Remodeling male coercion and the evolution of sexual autonomy by mate choice

June 07, 2023 Research

It is usually thought that female organisms in the animal kingdom have only two dire choices when attacked by coercive and aggressive sexual behavior from their male counterparts: acquiesce, or resist (by fighting).

But IAST research fellow Samuel Snow and his co-author Richard Prum present, in their new paper – just published at Evolution  – an intriguing third possibility: females of certain species might have been able to actively “remodel” their male counterparts’ capacity to sexually coerce them through evolution, by selecting mates and male mating practices that enhance female autonomy and protect them from violent sexual attacks.

This, as Sam and Richard’s work shows, is a co-evolutionary process: females evolve new preferences for autonomy-enhancing traits because they benefit from freedom of choice; thereafter, males evolve those traits because there is a population of females that prefer them.

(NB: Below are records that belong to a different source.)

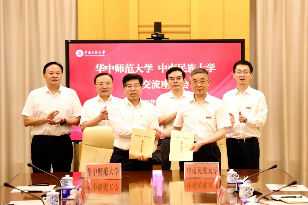 7月1日,威尼斯官网与华中师范大学战略合作协议签约仪式在学术交流中心举行。华中师范大学党委书记夏立新,党委副书记、校长彭双阶,党委常委、副校长周鹏程,威尼斯官网党委书记徐业勤,党委副书记、校长刘义,党委常委、副校长方德斌,以及两校相关职能部门负责人参加。徐业勤主持座谈会。
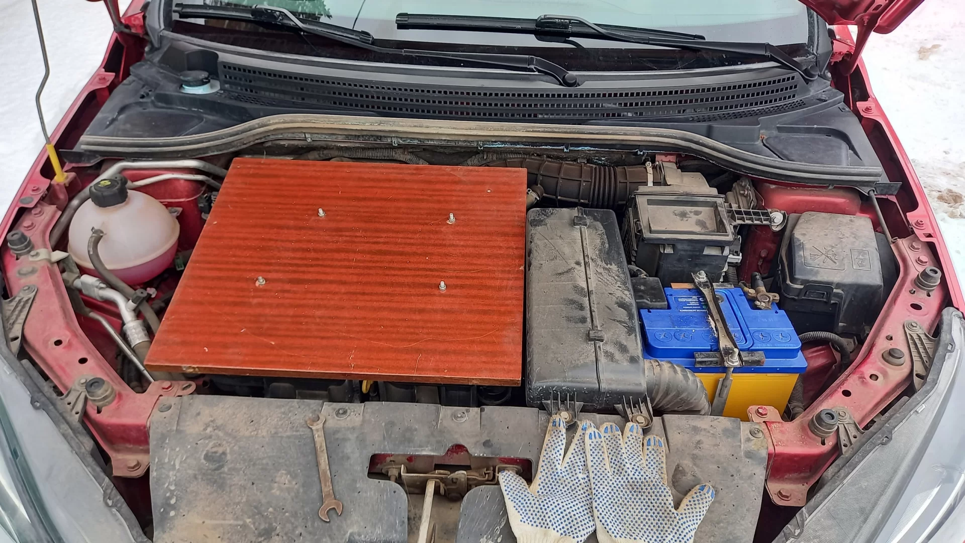Другая его доработка — самодельная крышка двигателя, которую он сделал из дерева.
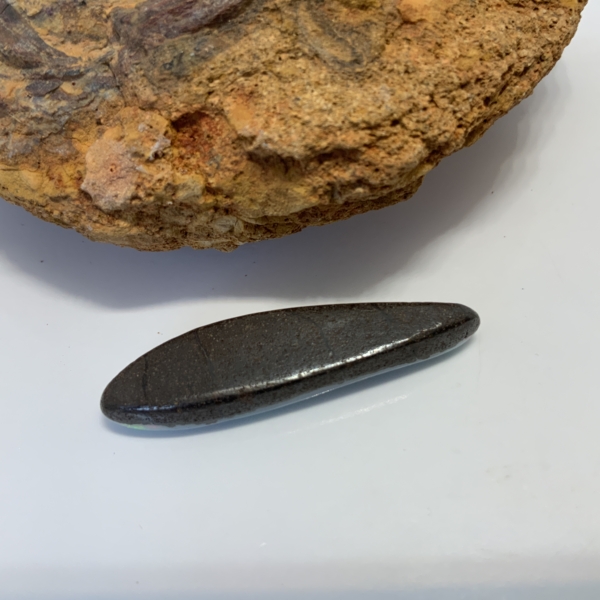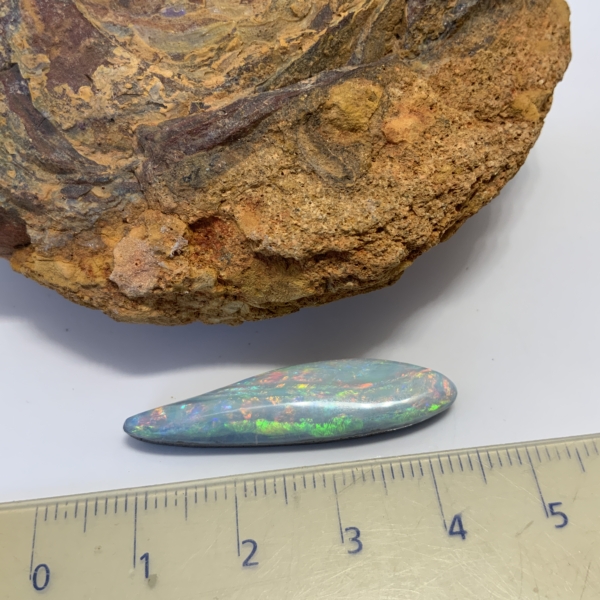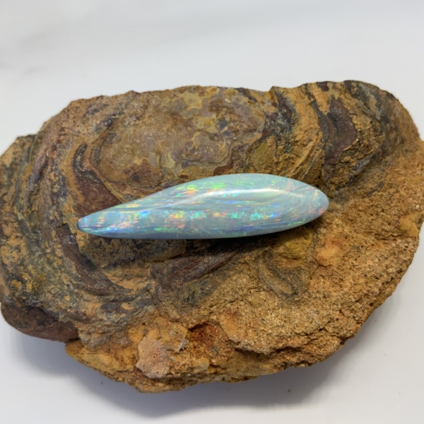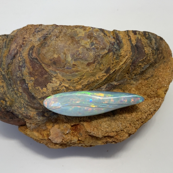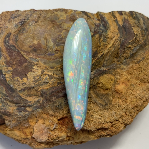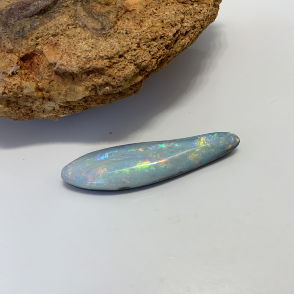 Delicate colours in a long shaped opal from the Queensland opal field. Soft light blue, green, orange, red, yellow in a clean face. Freeform shape width 9.15mm, length 36mm, thickness 5.39mm. Weight 12carats, 2.4grams. Was $1,900 now $1,600
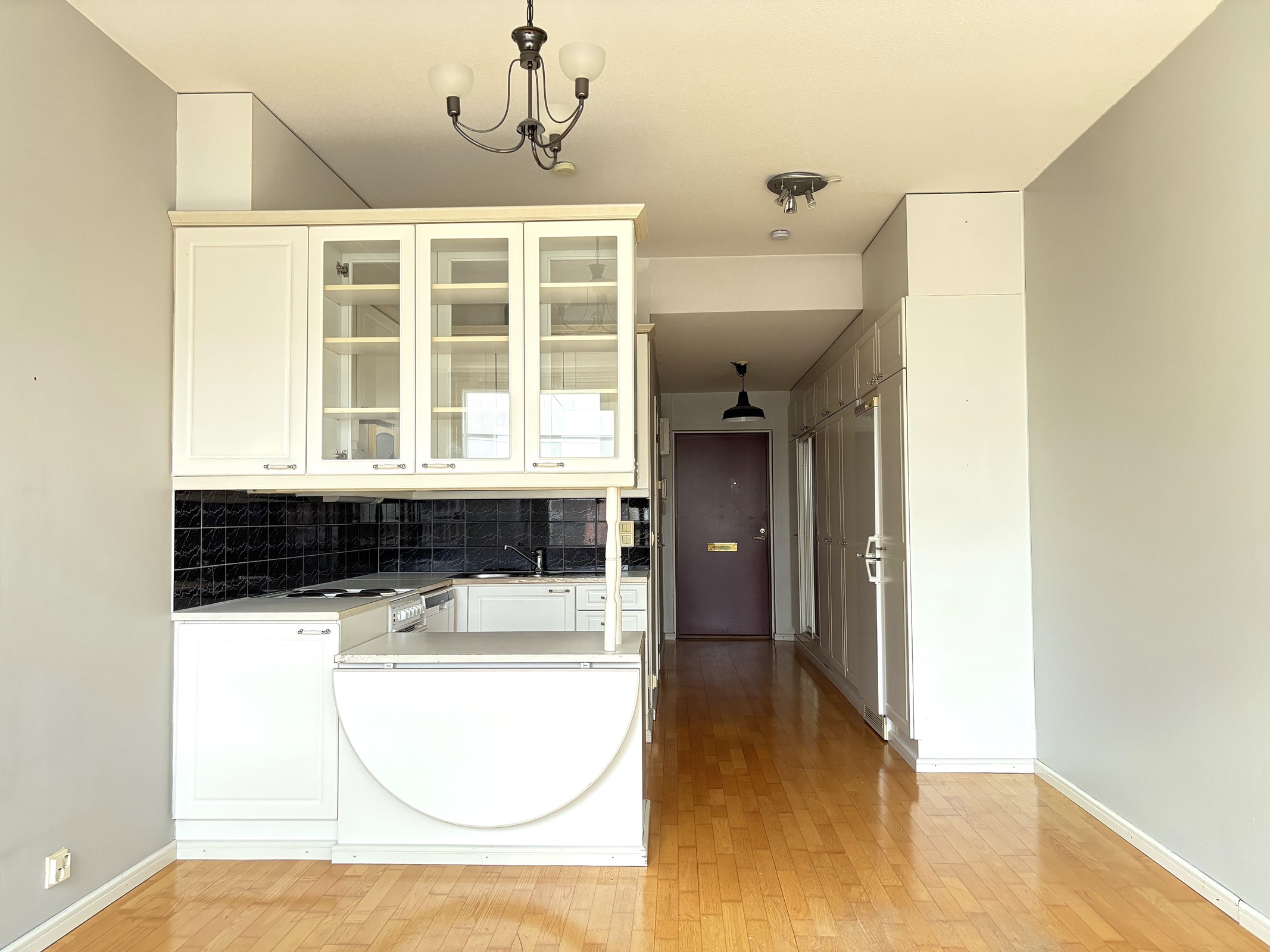 - Jääkaappipakastin, lattialiesi, kaapistot.
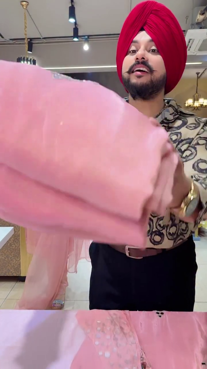 “Subtle shimmer, major glam ✨💕 Pastel pink silk suit with stunning mirror work on the neck & sleeves — the perfect festive glow-up 💗 Chic, elegant & absolutely party-ready 💫 Comment ‘PINK’ for the link to shop this classy piece 🌸”
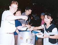 Performing at Christmas 2000. 1).Mary Hart & Angela & friends. 2) Florence, John-Paul & Aichan during show at Fukuinryo children’s institution, Setagaya, Tokyo. We gave each of the 40 orphans stationary & toys & shared a meal contributed by Domino Pizza. In February 2001 we donated computers to the orphanage. 3) Feeding the homeless at Shinjuku Chuo koen. 4) Assisting the disabled from Daishi sagyojyo in Kawasaki on their trip to Atami. |
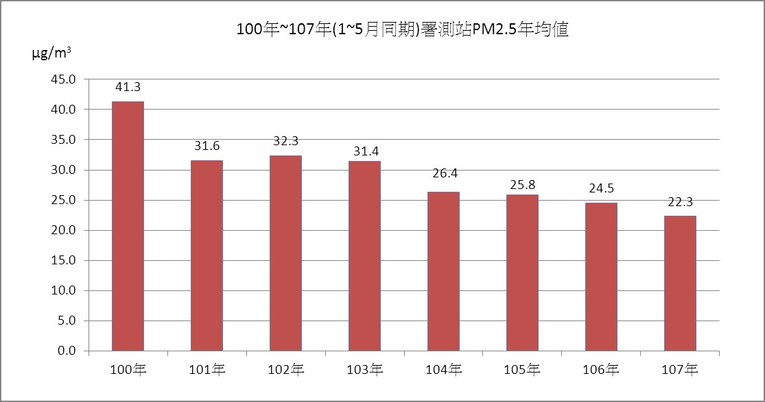 另外,台中今年1至5月PM2.5平均值每立方米22.3微克,相較去年同期24.5微克改善2.2微克,則為8年來最低。延用較嚴格舊標準的紫爆日數方面,今年1至5月累計共10天,較去年同期17天減少7天,減幅高達4成。

Sam and Richard’s paper was inspired by their observation of bowerbirds, a group of bird species from Australasia. The males of many bowerbird species build peculiar characteristic structures out of sticks, called “bowers,” which are special courtship display arenas that seemingly allow the female to be courted while remaining physically protected from aggressive male attack, and while also being able to escape easily if threatened https://youtu.be/1EN9k6LEulg

Sam and Richard hypothesize that female bowerbirds may have evolved preferences for mates that can build bowers that better protect them from coercive mating, and allow them a freer, non-coerced, mate choice. If females can evaluate the structure of the bower from far away, these “autonomy-enhancing” traits can evolve, even though the structure interferes with a male’s own ability to coerce.

The male, in short, has no choice but to build a bower that will attract and satisfy a female, if he wants a female to visit him!

This is not only about birds!

Other autonomy-enhancing traits could be things like noticeably smaller body or tooth size (which makes it harder to commit violence effectively). The fact that human males are less violent and smaller relative to females than chimpanzee males, our closest relatives in the animal kingdom, suggests that the kind of “remodelling” that Sam and Richard write about here might have occurred among humans as well.